For any values of $L_1$, $L_2$ and $L_3$, whether equal or not, there is a sequence $a_{nm}$ achieving your three limit requirements. The reason is that $\lim_n a_{nn}=L_1$ only refers to the entries on the diagonal, $\lim_n\lim_m a_{nm}=L_2$ only depends on entries above the diagonal, and $\lim_m\lim_n a_{nm}=L_3$ only depends on entries below the diagonal. We could simply let $a_{nm}$ be $L_1$ when $n=m$ and $L_2$ when $n\lt m$ and $L_3$ when $n\gt m$. You may similarly ask independently for any of the three limits not to exist, without affecting the other limits, simply by modifying the values of $a_{nm}$ only in the appropriate region (that is, either on, above, or below the diagonal).

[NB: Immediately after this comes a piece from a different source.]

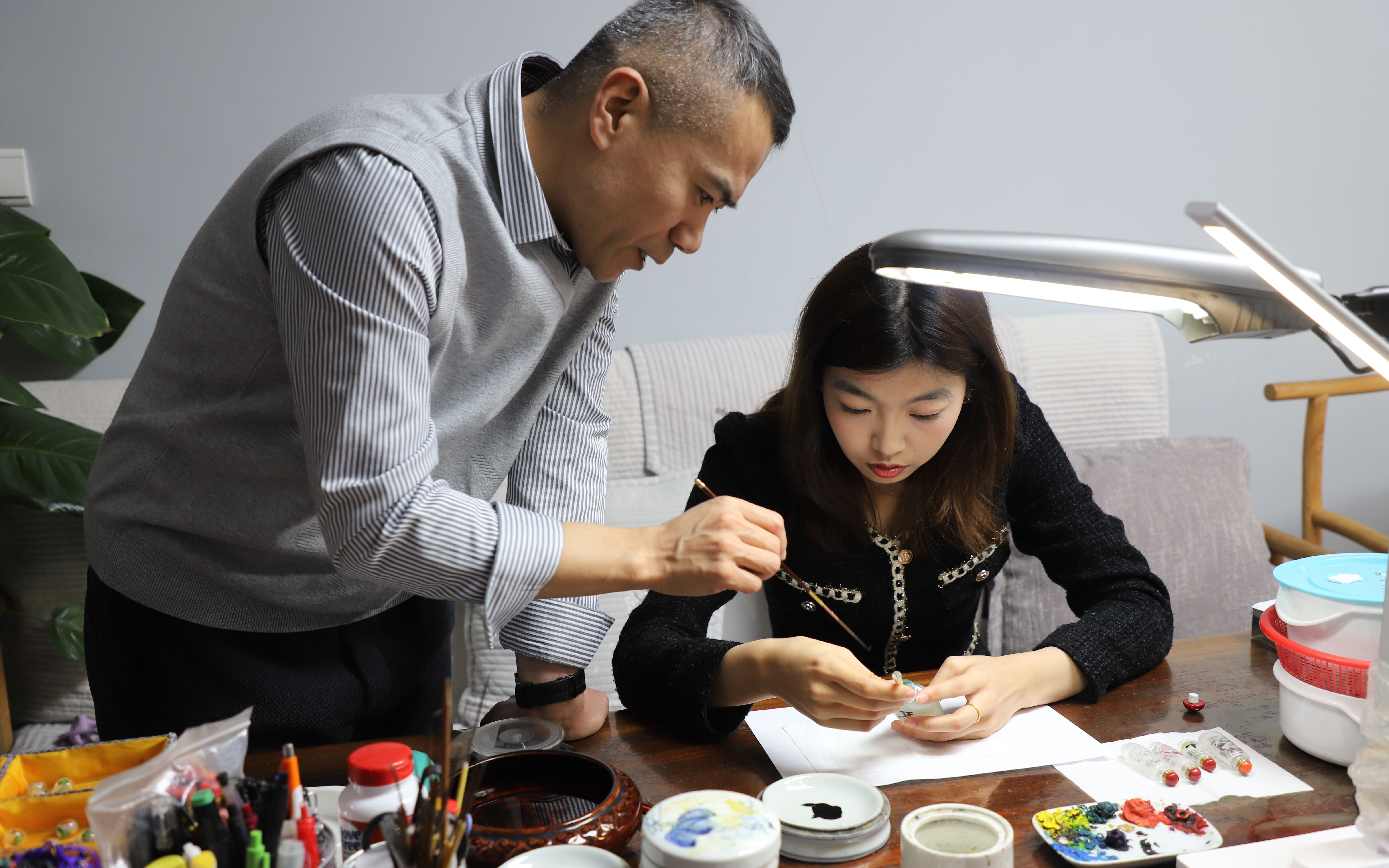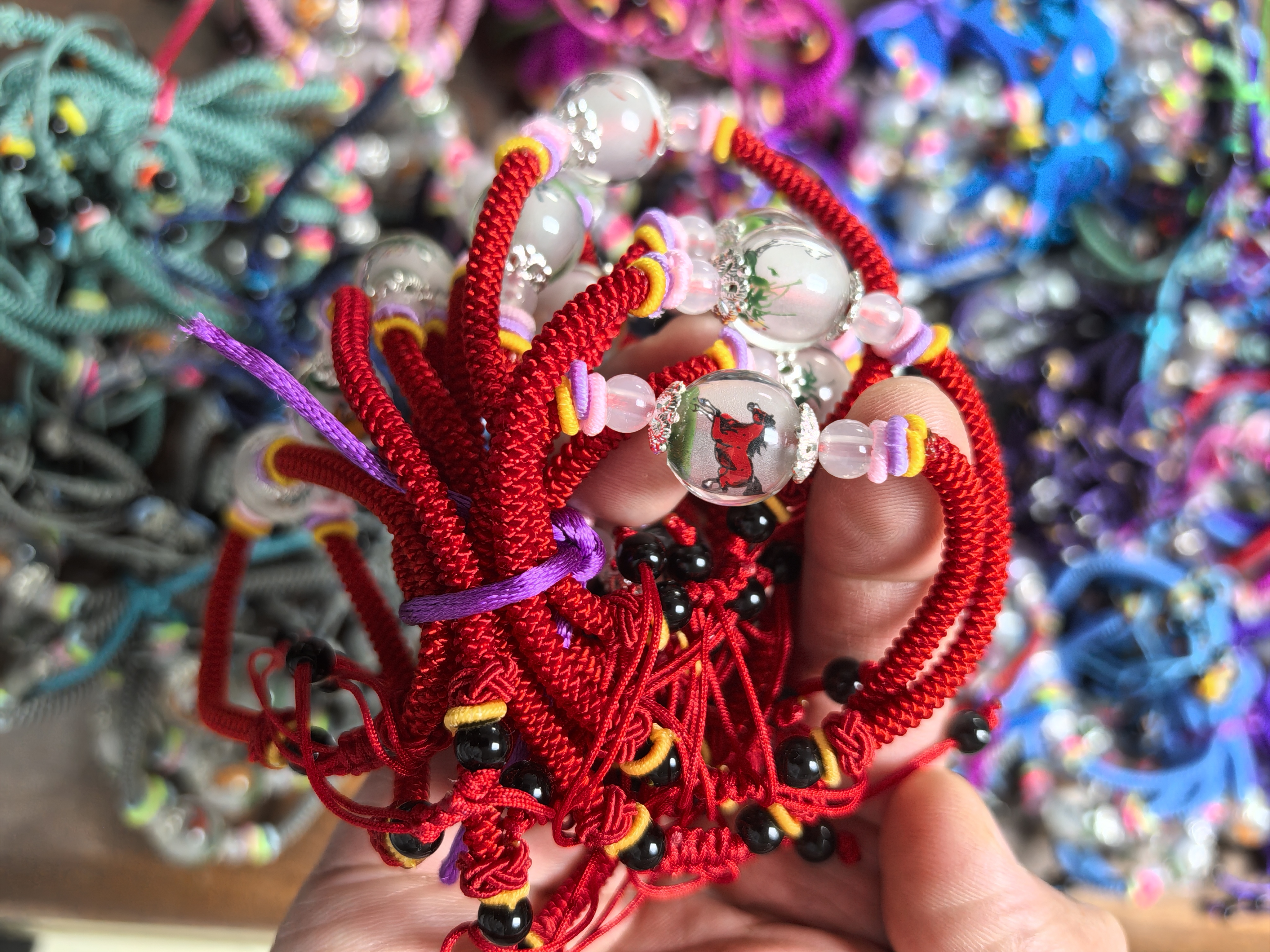 在胡晓然内画工作室里,则摆满了即将“出海”的内画水晶珠五彩手绳和鼻烟壶作品。“这次我们准备了5000件内!”他对已经完成的订单产品进行分类、清点。“上次展会上,老外对生肖、花鸟等题材的水晶珠手链特别感兴趣,我们就结合他们的喜爱,做了调整。”他说,除了增添中国元素的五彩手绳外,他还准备带一批高档内画鼻烟壶,走精品路线。

So in general, knowing any two of the three limits tells you nothing about the third limit or whether it exists. 

But meanwhile, you can get $L_1=L_2$ if you know something about how fast the two limits converge. What you need to know, of course, is that $a_{nn}$ becomes sufficiently close to both limits, and one can easily invent criteria that will ensure this. But if you think about it, such requirements amount merely to a restatement of the equality of the limits, and so they will probably be unsatisfying.